* [Your objective] Shown below is a listing with pictures; reproduce exactly, and only, the lines between the ones containing "Das gepflegte und" and "Cordless drill/driver -1", inclusive, leaving the pictures out.

* [Listed entries]
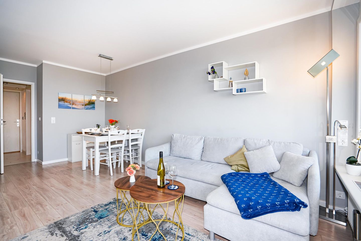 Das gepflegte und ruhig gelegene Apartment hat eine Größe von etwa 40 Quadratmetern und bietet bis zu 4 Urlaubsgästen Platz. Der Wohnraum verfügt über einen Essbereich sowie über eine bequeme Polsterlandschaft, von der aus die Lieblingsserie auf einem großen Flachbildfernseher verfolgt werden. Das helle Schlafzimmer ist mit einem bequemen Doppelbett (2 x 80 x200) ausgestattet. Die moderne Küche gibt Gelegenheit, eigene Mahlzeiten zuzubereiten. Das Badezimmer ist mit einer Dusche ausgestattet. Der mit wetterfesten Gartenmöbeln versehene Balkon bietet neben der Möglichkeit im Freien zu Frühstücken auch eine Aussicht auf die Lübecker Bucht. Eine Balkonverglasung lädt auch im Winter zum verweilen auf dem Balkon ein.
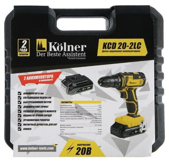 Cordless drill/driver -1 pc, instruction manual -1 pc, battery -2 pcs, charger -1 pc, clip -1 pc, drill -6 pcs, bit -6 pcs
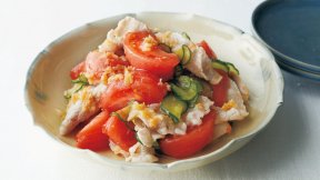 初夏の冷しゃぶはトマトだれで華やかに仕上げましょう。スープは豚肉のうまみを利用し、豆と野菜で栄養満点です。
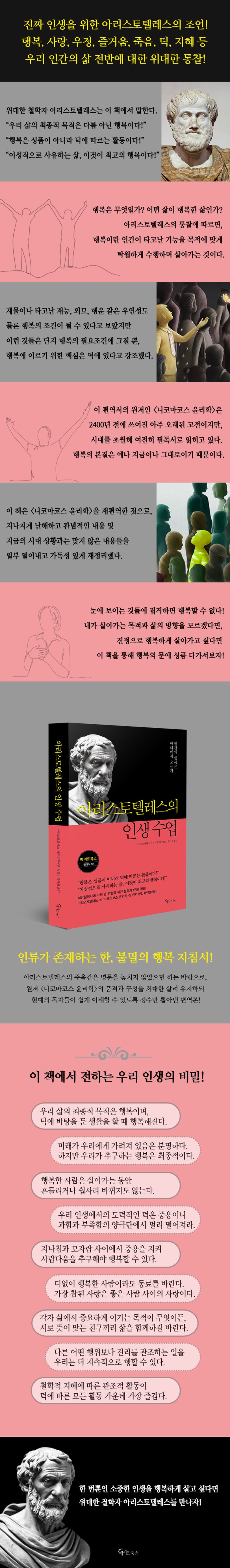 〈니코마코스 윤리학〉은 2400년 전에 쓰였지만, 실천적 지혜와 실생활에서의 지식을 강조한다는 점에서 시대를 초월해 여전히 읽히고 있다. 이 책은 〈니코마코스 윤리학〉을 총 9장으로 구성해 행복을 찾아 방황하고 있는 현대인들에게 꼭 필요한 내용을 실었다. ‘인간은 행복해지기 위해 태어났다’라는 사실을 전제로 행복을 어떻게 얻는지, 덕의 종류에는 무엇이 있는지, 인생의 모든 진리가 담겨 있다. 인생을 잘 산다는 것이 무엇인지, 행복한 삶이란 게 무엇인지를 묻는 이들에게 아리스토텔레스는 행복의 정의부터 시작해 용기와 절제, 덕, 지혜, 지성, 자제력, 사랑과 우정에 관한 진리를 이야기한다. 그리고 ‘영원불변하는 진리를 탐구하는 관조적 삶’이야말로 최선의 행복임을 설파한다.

* * *

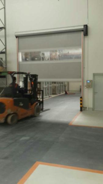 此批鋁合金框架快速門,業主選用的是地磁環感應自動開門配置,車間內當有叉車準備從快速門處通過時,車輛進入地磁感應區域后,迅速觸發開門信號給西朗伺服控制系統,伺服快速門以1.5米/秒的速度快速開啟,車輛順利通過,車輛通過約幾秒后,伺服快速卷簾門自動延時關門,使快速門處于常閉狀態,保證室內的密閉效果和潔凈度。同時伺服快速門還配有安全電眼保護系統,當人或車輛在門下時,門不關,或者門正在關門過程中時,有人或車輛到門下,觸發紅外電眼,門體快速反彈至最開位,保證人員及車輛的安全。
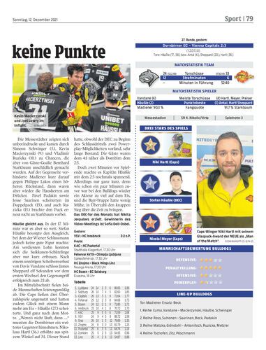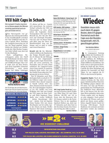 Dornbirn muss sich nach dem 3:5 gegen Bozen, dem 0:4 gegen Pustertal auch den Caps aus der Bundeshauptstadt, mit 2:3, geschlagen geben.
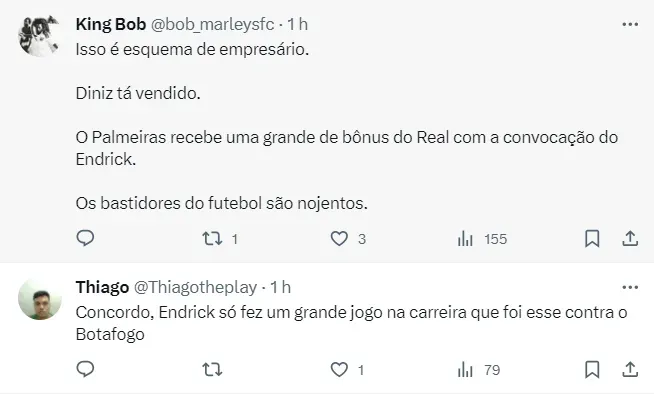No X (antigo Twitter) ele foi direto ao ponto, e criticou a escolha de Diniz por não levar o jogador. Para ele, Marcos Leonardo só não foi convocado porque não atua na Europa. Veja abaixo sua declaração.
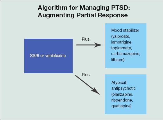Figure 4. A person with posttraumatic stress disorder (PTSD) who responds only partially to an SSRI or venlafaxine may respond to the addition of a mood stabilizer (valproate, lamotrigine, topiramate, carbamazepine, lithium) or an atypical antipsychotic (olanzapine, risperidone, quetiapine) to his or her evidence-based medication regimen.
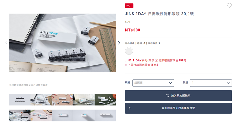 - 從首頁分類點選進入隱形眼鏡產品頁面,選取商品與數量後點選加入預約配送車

* [Result of the exercise]
 Das gepflegte und ruhig gelegene Apartment hat eine Größe von etwa 40 Quadratmetern und bietet bis zu 4 Urlaubsgästen Platz. Der Wohnraum verfügt über einen Essbereich sowie über eine bequeme Polsterlandschaft, von der aus die Lieblingsserie auf einem großen Flachbildfernseher verfolgt werden. Das helle Schlafzimmer ist mit einem bequemen Doppelbett (2 x 80 x200) ausgestattet. Die moderne Küche gibt Gelegenheit, eigene Mahlzeiten zuzubereiten. Das Badezimmer ist mit einer Dusche ausgestattet. Der mit wetterfesten Gartenmöbeln versehene Balkon bietet neben der Möglichkeit im Freien zu Frühstücken auch eine Aussicht auf die Lübecker Bucht. Eine Balkonverglasung lädt auch im Winter zum verweilen auf dem Balkon ein.
 Cordless drill/driver -1 pc, instruction manual -1 pc, battery -2 pcs, charger -1 pc, clip -1 pc, drill -6 pcs, bit -6 pcs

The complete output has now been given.